No gradient in simple function

The following function does not behave as expected when called from my codebase:

def foo():
    torch.autograd.set_grad_enabled(True)
    torch.set_grad_enabled(True)
    with torch.enable_grad():
        y = torch.randn(10, device='cuda')
        y = torch.nn.Parameter(y.detach(), requires_grad=True)
        print(y.requires_grad, y.mean())

As you might notice, I tried my best to enable gradients in this code. If I call this function by itself, the printed output is as expected, i.e. True tensor(-0.8699, device='cuda:0', grad_fn=<MeanBackward0>).

However, if I run this during an evaluation pass of a lightning-model, the output is True tensor(-0.0105, device='cuda:0'), so the grad_fn is missing, even though requires_grad is True. As a result I cannot to a backward pass if I process y further.

What else could prevent gradients from being computed?
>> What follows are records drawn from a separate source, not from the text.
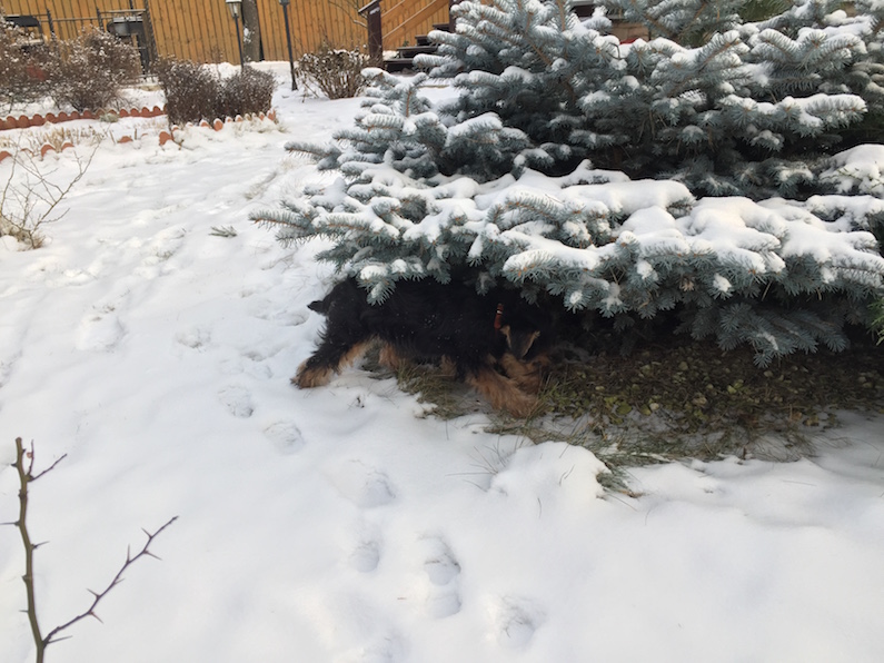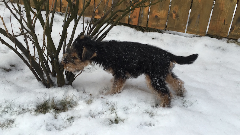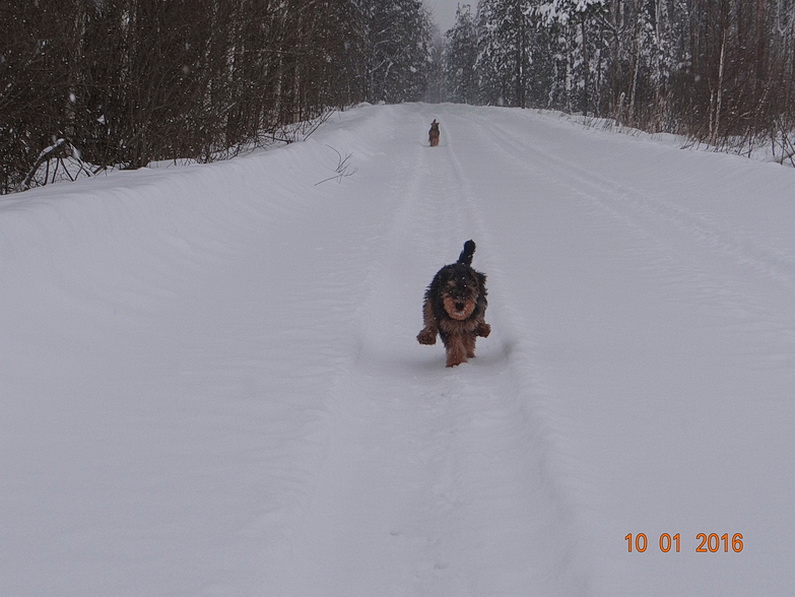 Гулять Кроха любит очень. Носится со скоростью пули, «вспахивает» снег носом, тявкает и снова носится.
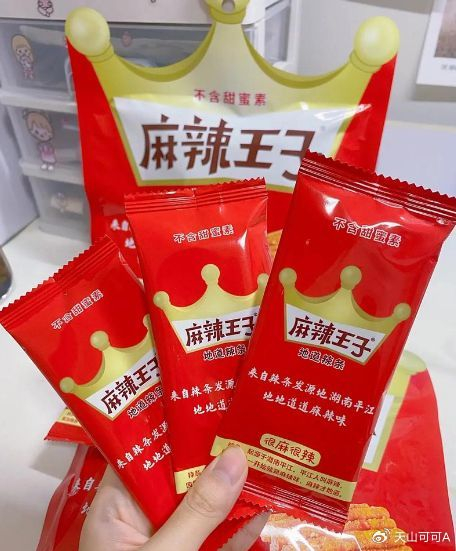麻辣王子被誉为辣条中的战斗机,以其地道的麻辣味著称。在传承传统辣条制作工艺的基础上,麻辣王子不断创新,将麻辣口味发挥到了极致。其独特的口感和鲜明的品牌形象,使其在众多辣条品牌中脱颖而出,深受年轻消费者的喜爱。无论是微麻微辣款,还是很麻很辣款,麻辣王子都能让人在品尝中感受到湖南辣妹子的火辣魅力。
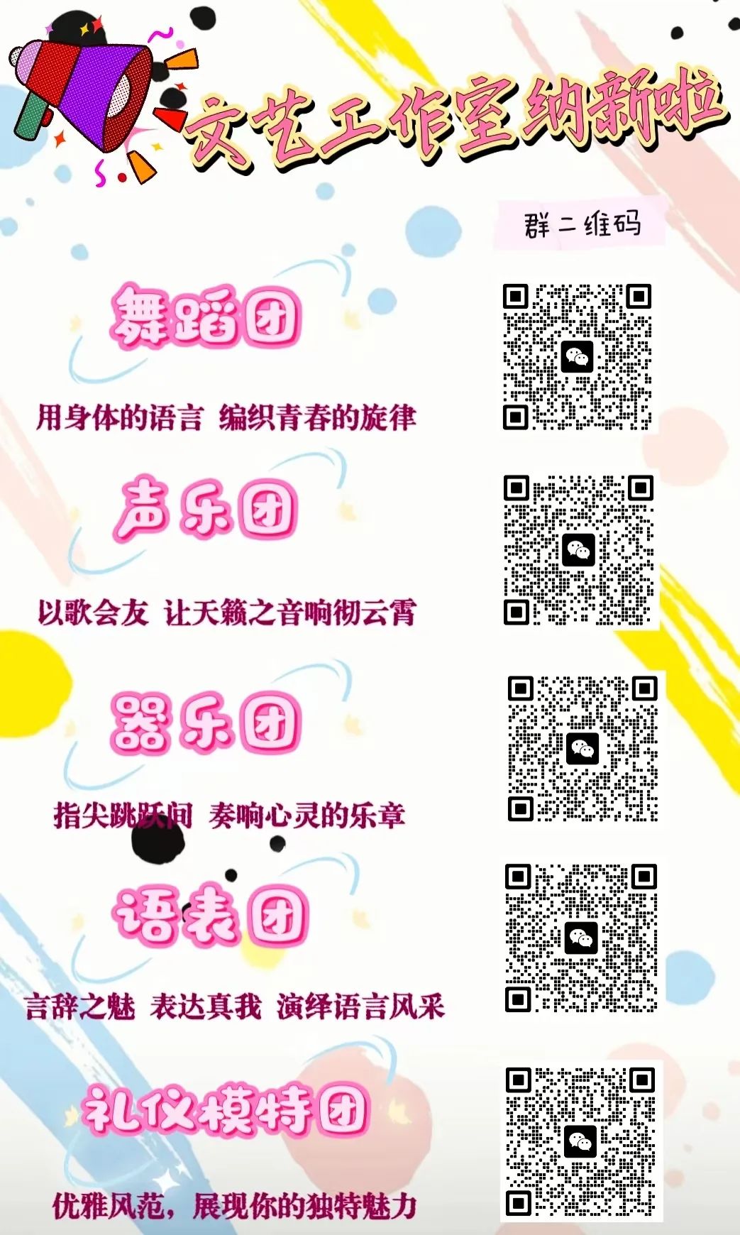 经济管理学院文艺工作室面向学院2024级全体萌新招募舞蹈团、声乐团、器乐团、礼仪模特团成员。无论专业,无论班级,只要热爱舞台,有才艺你就来!欢迎2024级萌新扫码报名~
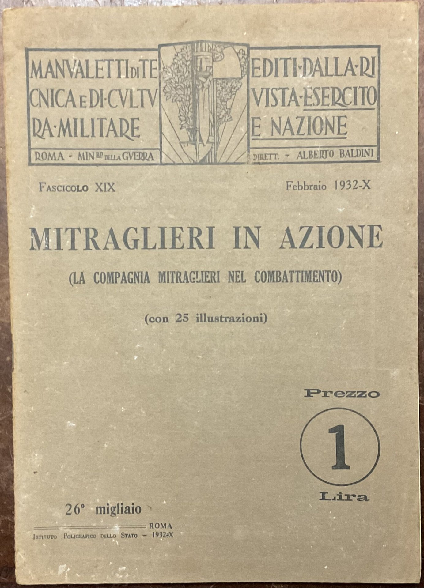 Mitraglieri in azione (La compagnia mitraglieri nel combattimento). Manualetti di tecnica e di cultura militare editi della rivista Esercito e Nazione
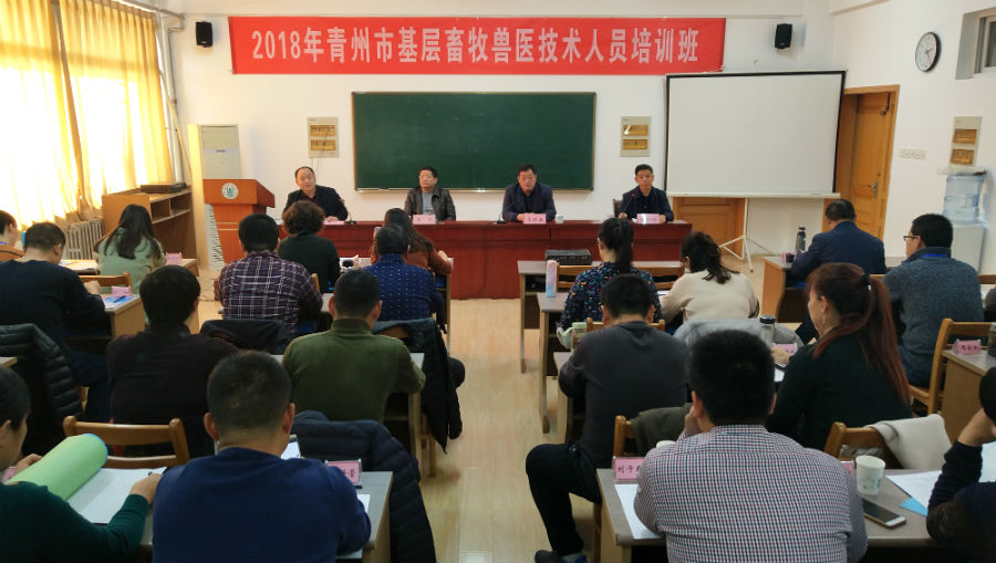 由青州市畜牧局主办的“青州市基层畜牧兽医技术人员培训班”,于11月26日开班。太阳成集团tyc9728学院院长李国梁出席开班仪式并致辞,青州市畜牧局屠宰管理办公室主任赵兴元作开班动员讲话,中国·太阳集团tyc9728动物医学院院长单虎出席开班仪式,并在随后为学员作“现代畜牧业发展趋势”的专题报告,开班仪式由太阳成集团tyc9728学院培训中心主任陈洪利主持。
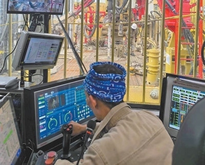 通過參與艾伯特湖區(qū)油田建設(shè),東方宏華還研發(fā)出“一鍵聯(lián)動”舉升式排管系統(tǒng),以舉升移運、多系統(tǒng)協(xié)同、離線作業(yè)、智能感知、一鍵集控五大技術(shù)為核心,實現(xiàn)在地面、臺面和高空三大區(qū)域的自動化作業(yè)?!坝辛宋覀冏灾餮邪l(fā)的智能系統(tǒng)加持,操作人員只需點擊屏幕,就可以完成接立柱和鉆井等操作?!睎|方宏華所屬宏華電氣副總經(jīng)理汪虹宇介紹。
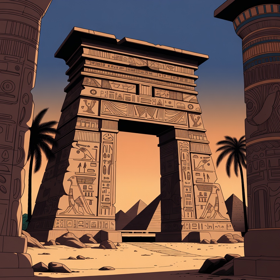 Egyptian architecture, ancient Egypt, ancient gate, carvings, columns, desert, hieroglyphs, historical illustration, illustration, isolated background, line art, obelisk, palm trees, pyramids, sand dunes, stone archway, sunset, vector art, Egyptian temple
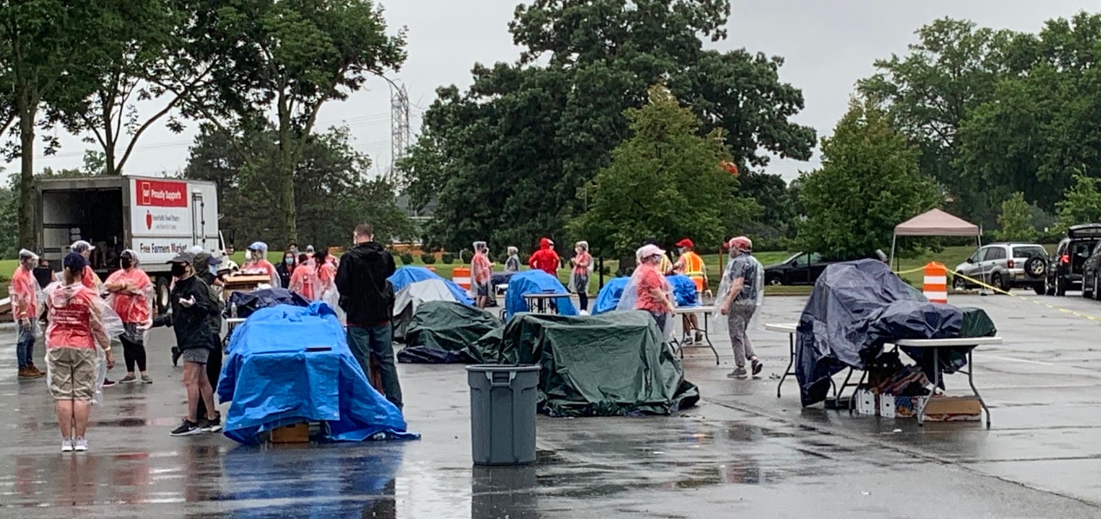And so they did. GAF Community Engagement Manager Arlene Marks took the reins and, with input from GAF Facilities and Hawk Logistics, architected a first-of-its-kind drive-through Free Farmer's Market. The Market opened on June 12 for registered IFP clients, and proved an immediate success, serving around 500 households while maintaining good COVID practices including masks, gloves, hand sanitizer, and social distancing.
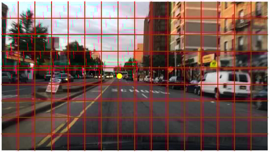 For the proposed ConcentrateNet to concentrate on detecting the traffic at a distance, the vanishing point subnet provides the possible furthest location in the input images. Since the classification process with fewer classes of objects to be detected for ADAS applications, it can be considered the simplest task in deep learning and thus easier to train and achieve high accuracy. As in Deep Learning for Vanishing Point (DeepVP) detection [28], the input image in the proposed work is roughly divided into grids, and the ground truth vanishing point is rounded to one of the grids. Then the classification method is employed to find the vanishing point as in an example shown in Figure 6. In Figure 6, the yellow dot is the vanishing point, and the grid within which it is located in the target of our vanishing point subnet. Although a rough sampling into a grid may cause an inaccurate prediction of an object’s location, it is not key in the proposed system to know the actual vanishing point. The detection of the probable location will suffice.
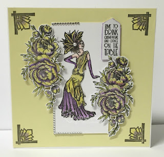 I've been having a play with the roaring 20's lady, corner and sentiment stamps.
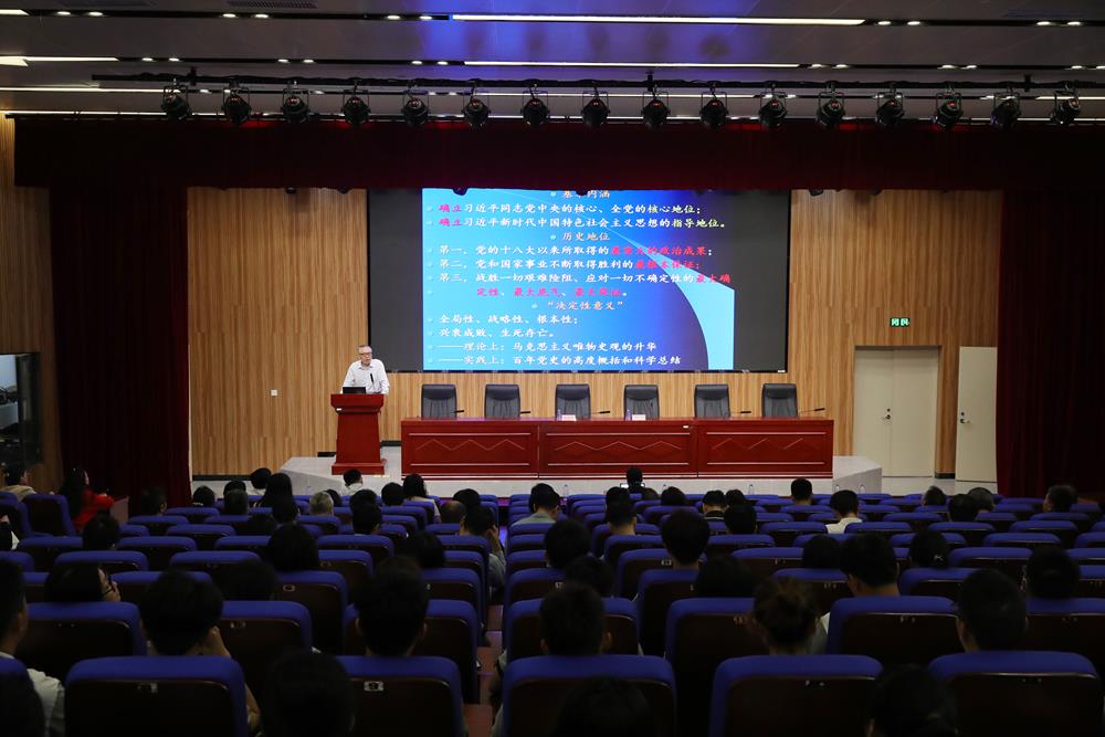 杨建伟主任以《深刻领悟“两个确立”的决定性意义》为题,深刻阐释了“两个确立”的基本内涵、历史地位及决定性意义。从理论、历史、未来三个层面,深入剖析了“两个确立”是马克思主义政党的根本属性、是中国共产党百年奋斗的根本经验、是实现中华民族伟大复兴的根本保证等三个问题的丰富内涵、精神实质和历史意义。杨建伟主任的授课主题突出、内容丰富,观点鲜明、逻辑严密、旁征博引、深入浅出,既有理论高度,又有思想深度,同时紧密联系实际,进一步提高了我们对“两个确立”的思想认识和政治站位,对全体党员干部、师生深刻理解“两个确立”的决定性意义和准确把握党的二十大精神具有很强的指导意义。

Do you see the same behavior without using lightning? PyTorch itself won’t disable gradient calculation behind your back, so you might want to check what the evaluation loop in lightning does.

1 Like

Thanks for the hint towards lightning. I found this issue on their github, apparently lightning sets torch.inference_mode(True) when evaluating. This now works as expected:

def foo():
    with torch.inference_mode(False):
        y = torch.randn(10, device='cuda')
        y = torch.nn.Parameter(y.detach(), requires_grad=True)
        print(y.requires_grad, y.mean())